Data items
* * * * *
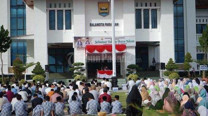 TRIBUNPADANG.COM, PARIAMAN - Memperingati Tahun Baru Islam 1 Muharam 1445 Hijriah, Pemerintah Kota (Pemko) Pariaman mengadakan Tabligh Akbar yang bertempat di Halaman Balaikota Pariaman dengan menghadirkan penceramah Ustaz Ristawardi Dt.Marajo Nan batungkek Ameh, Rabu (19/7/2023).
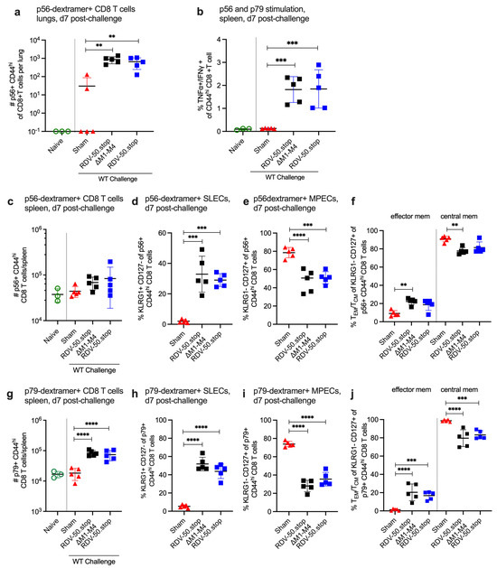 RDV-50.stop∆M1-M4 vaccination induced abundant virus-specific CD8 T cells in the spleens that were comparable to RDV-50.stop vaccination (Figure 1d–h; Supplementary Figure S2a–d). Splenic CD8 T cells were further identified as KLRG1+CD127− short-lived effector cells (SLECs) and KLRG1−CD127+ memory precursor effector cells (MPECs). Virus-specific SLECs (Figure 1d,f; Supplementary Figure S2b) and MPECs (Figure 1d,g; Supplementary Figure S2c) were comparable in mice vaccinated with either RDV-50.stop∆M1-M or RDV-50.stop. Vaccination with RDV-50.stop∆M1-M4 yielded modest changes in memory MPEC populations. RDV-50.stop elicited more CD62L− effector memory MPEC and RDV-50.stop∆M1-M4 elicited more CD62L+ central memory MPEC (Figure 1d,h; Supplementary Figure S2d). For both vaccines, the stimulation of splenic CD8 T cells with a combination of p56 and p79 peptides led to the increased production of antiviral effector cytokines TNFα and IFNγ in vaccinated mice compared to naïve mice (Figure 1i,j).
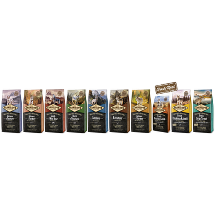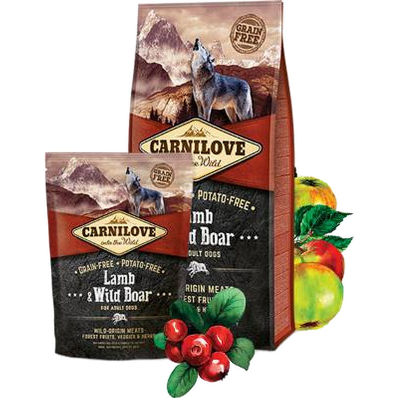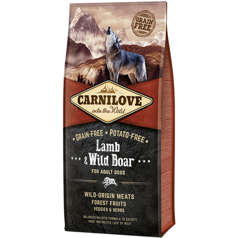 Köttmjöl från vildsvin (30 %), köttmjöl från frigående lamm (25 %), gula ärter (20 %), kycklingfett (med tokoferoler som konserveringsmedel, 10 %), kycklinglever (3 %), äpplen (3 %), tapiokastärkelse (3 %), laxolja (2 %), morötter (1 %), linfrö (1 %), kikärter (1 %), hydrolyserade kräftdjursskal (en källa till glukosamin, 0,026 %), broskextrakt (en källa till kondroitin, 0,016 %), bryggerijäst (en källa till mannanoligosackarider, 0,015 %), cikoriarot (en källa till fruktooligosackarider, 0,01 %), yucca schidigera (0,01 %), alger (0,01 %), psylliumfrö (0,01 %), timjan (0,01 %), rosmarin (0,01 %), oregano (0,01 %), tranbär (0,0008 %), blåbär (0,0008 %), hallon (0,0008 %).
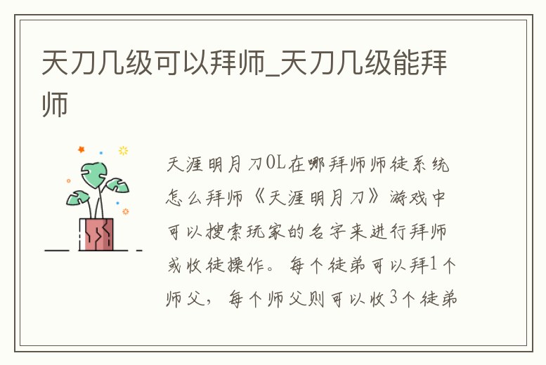 5、天涯明月刀。拜師有什么用。我做徒弟
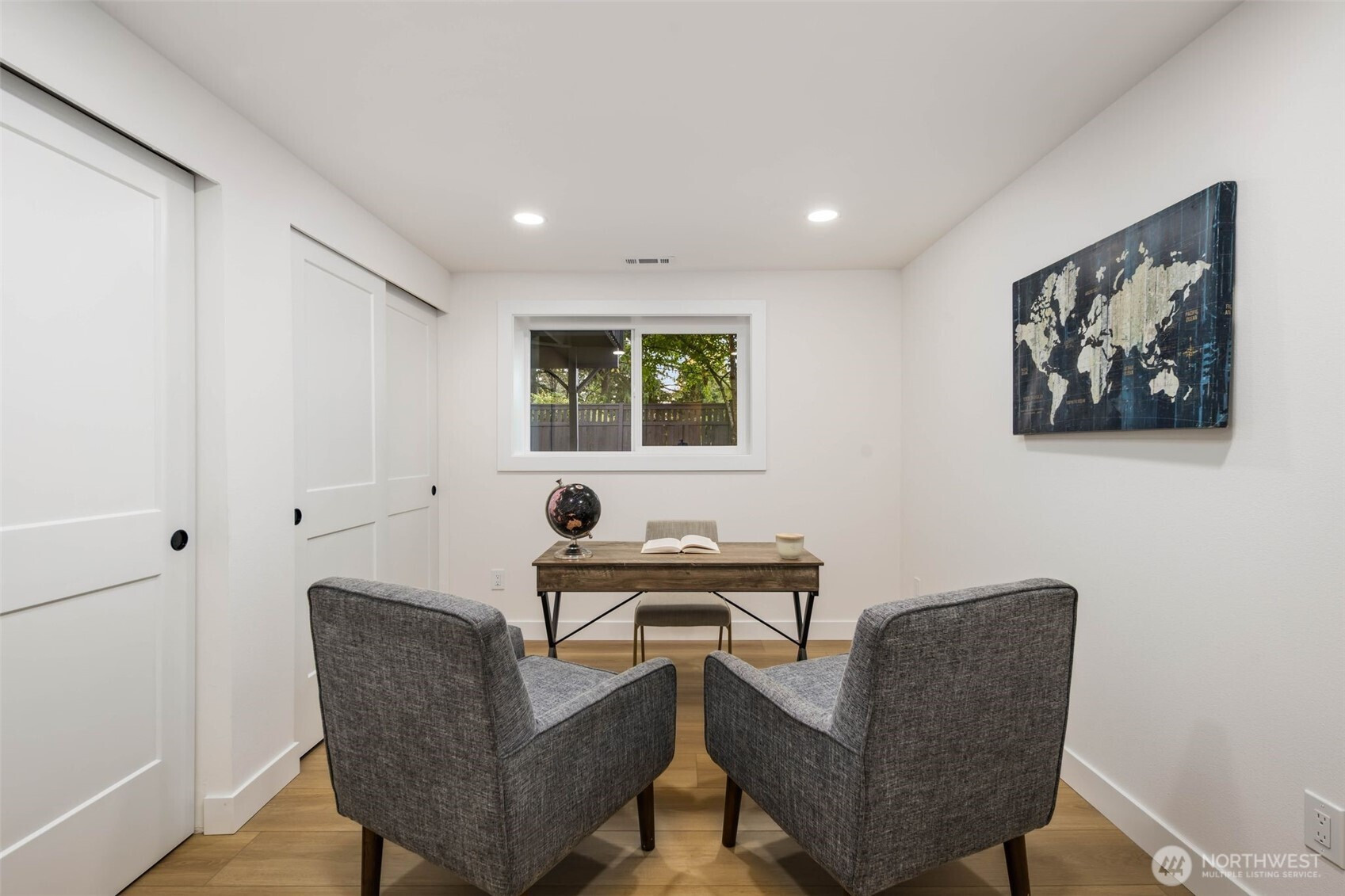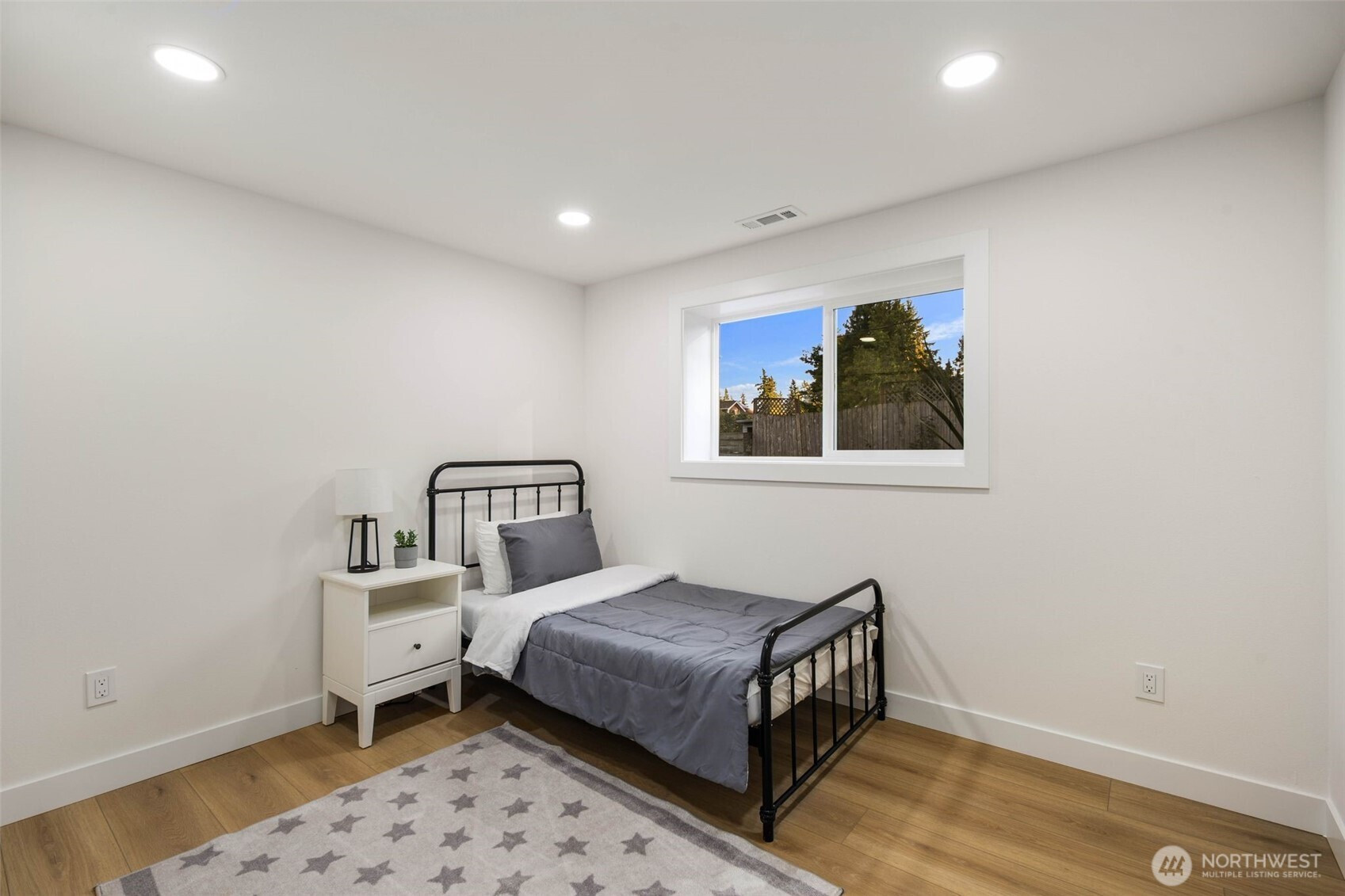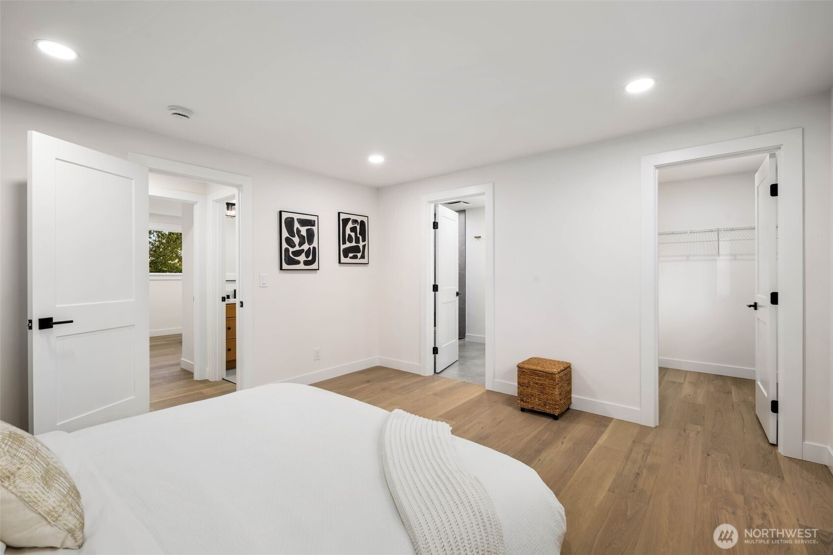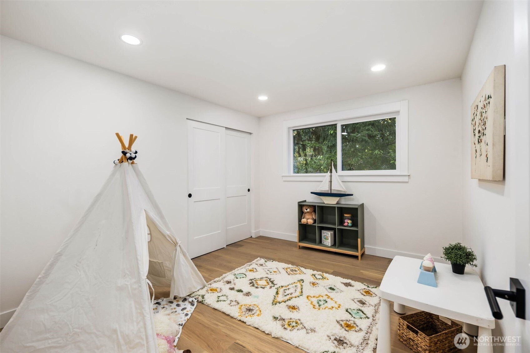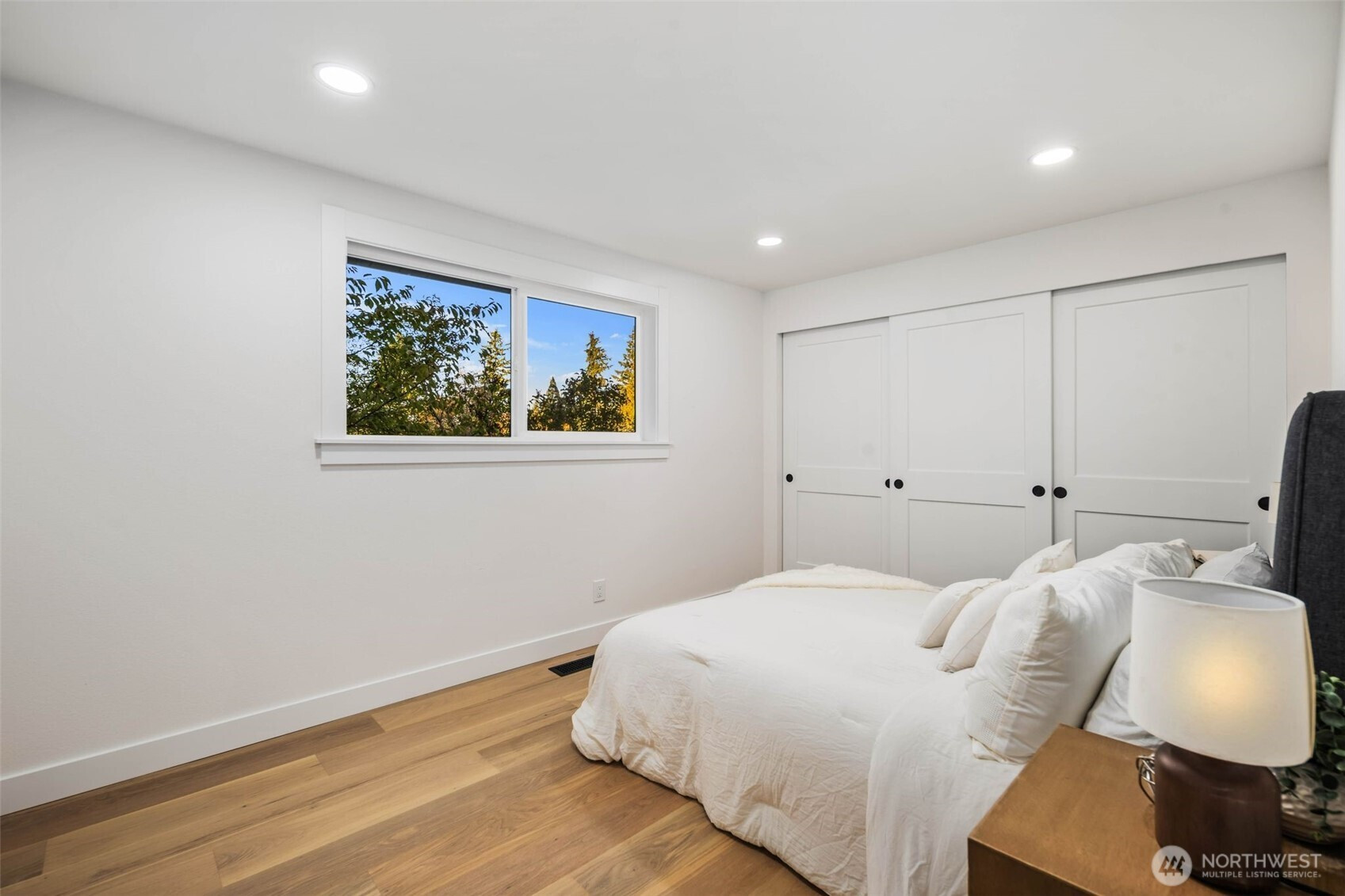 Experience modern elegance in this fully remodeled and permitted Shoreline home! Soaring vaulted ceilings, wide-plank floors, and exquisite tile work set the tone for refined living. The chef’s kitchen is the heart of the home, which includes a massive island and top tier appliances designed for both style and function, while the inviting living spaces flow seamlessly for entertaining or relaxation. Downstairs, a spacious family room with wet bar and wood-burning fireplace offers the perfect gathering place. Step outside to a beautifully landscaped yard with a deck and fire pit - your private retreat. Just steps from Shoreline Community College, shops, schools, parks, and transit, this home blends luxury, warmth, and location perfectly.
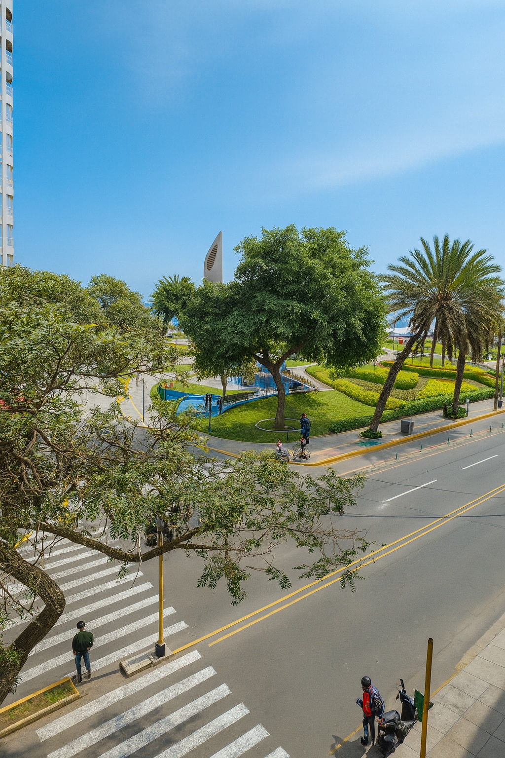 Enjoy a privileged oceanfront view above the luscious green coastal parks of Miraflores, the best neighborhood in Lima. Listen to the waves crashing on the rocks below while relaxing or napping and stroll up the boardwalk for some of the best food in the world! Just a short 2 block walk down the malecon to the picture-perfect lighthouse, 5 blocks to Avenida la Mar and ~10 to Larco Mar. Enjoy the building's shared roof-top pool and grill!
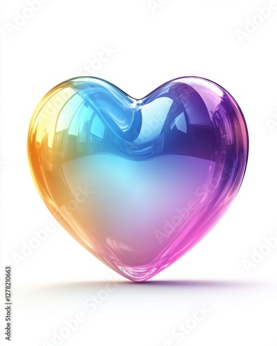Luminous heart with vibrant rainbow gradient colors against a clean white backdrop in a studio shot
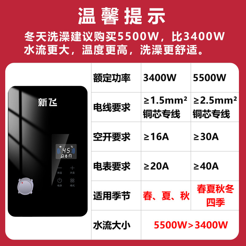 新飞2025新款即热式电热水器家用洗澡卫生间宿舍出租房热水器恒温
* * * * *
Problem description: What lines above run from the one with "Enjoy a privileged" to the one with "Luminous heart with"? Give them again exactly, ends included, and leave the pictures out.

Response area:
 Enjoy a privileged oceanfront view above the luscious green coastal parks of Miraflores, the best neighborhood in Lima. Listen to the waves crashing on the rocks below while relaxing or napping and stroll up the boardwalk for some of the best food in the world! Just a short 2 block walk down the malecon to the picture-perfect lighthouse, 5 blocks to Avenida la Mar and ~10 to Larco Mar. Enjoy the building's shared roof-top pool and grill!
Luminous heart with vibrant rainbow gradient colors against a clean white backdrop in a studio shot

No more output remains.